Tuesday, January 1, 2013

Exordium: the beginning of what is likely to be a fecund year of complicated words and witty conversations

Dear Internet,

Hello.  This is my first blog post concerning the Wonderful World of Words, a place on the Internet where dictionary.com's Word of the Day is put into context that is useful funny for 365 days.  My name is Jillian, and I am currently a freshman at Syracuse University (Newhouse 2016!) where I'm studying to be a TRF (Television/Radio/Film) major.  I live far from school, in Southern California, but it just makes feeling the sun on my face even better when I come home.

My purpose with this blog is to look up the Word of the Day everyday on dictionary.com, use it in conversation during my day, then write about said conversation and how I used it in context.  Boring you say?  Not much better than reading about a PBS special for non-four-year-olds?  Think again!  Because I will use these ornate, lucid words that only your English teacher would ever use in real life and stick them smack dab in the middle of an ordinary conversation.  I know.  To some people, this sounds evil.

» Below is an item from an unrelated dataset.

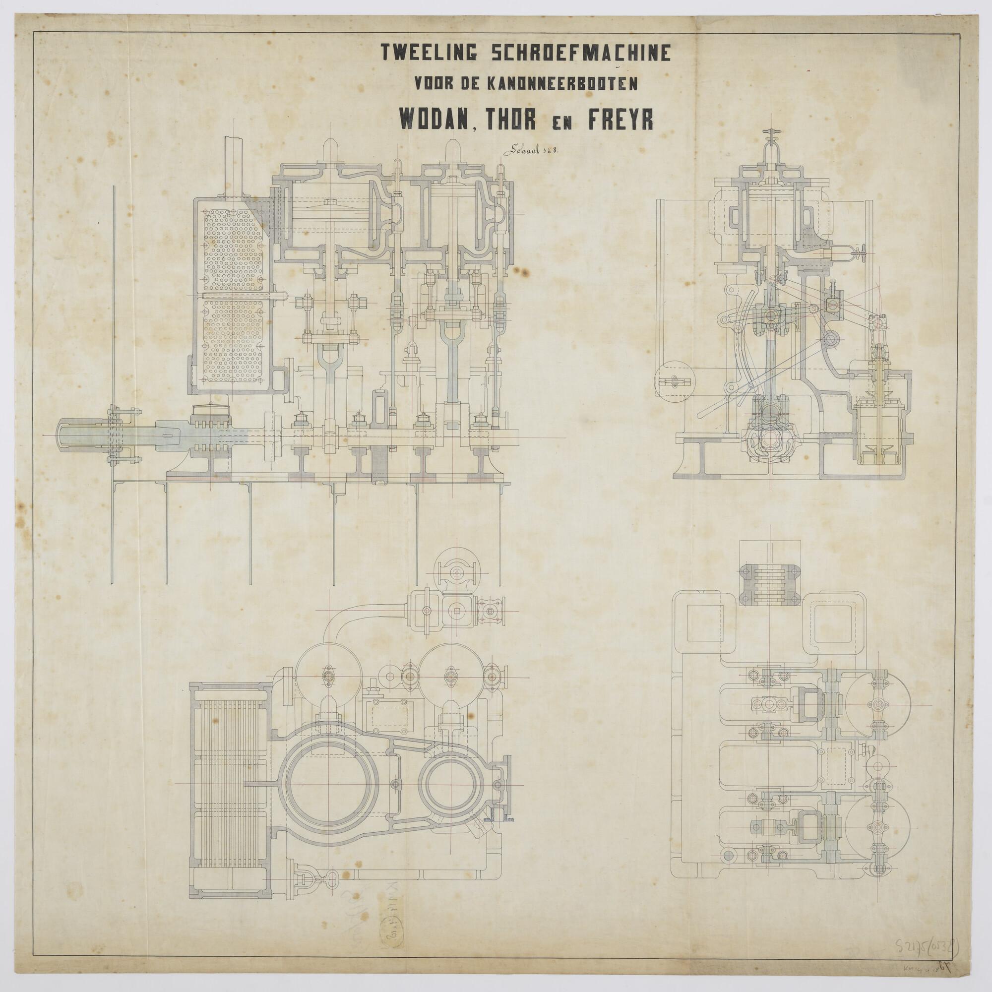 Tweeling schroefmachine van de stoomkanonneerboten Zr.Ms. Wodan, Zr.Ms. Thor en Zr.Ms. Freyr

Purposefully using big words?  And then writing about it on the Internet?  Psh, nerd.  But the thing is, I've got a lifetime of major writing projects ahead of me.  I'm in college after all.  I'll be taking two writing intensive classes this semester, a grammar class, a communications class.  I'll be writing papers of fiction and non-fiction alike, and I'll be sending them to my professors, to future employers, and to Lorne Michaels.  I've got to brush up on my vocabulary if I'm every going to achieve the kind of Internet fame every blogger so desperately pines for.

I'm not going to engage in my quoting practice today, but I will tell you what homeboy Webster says the WoD is:

exordium

\ ig-ZAWR-dee-uhm \  , noun;
1. The beginning of anything.
2. The introductory part of an oration, treatise, etc.

The exordium of the new year is upon us, so I wish you all a happy 2013!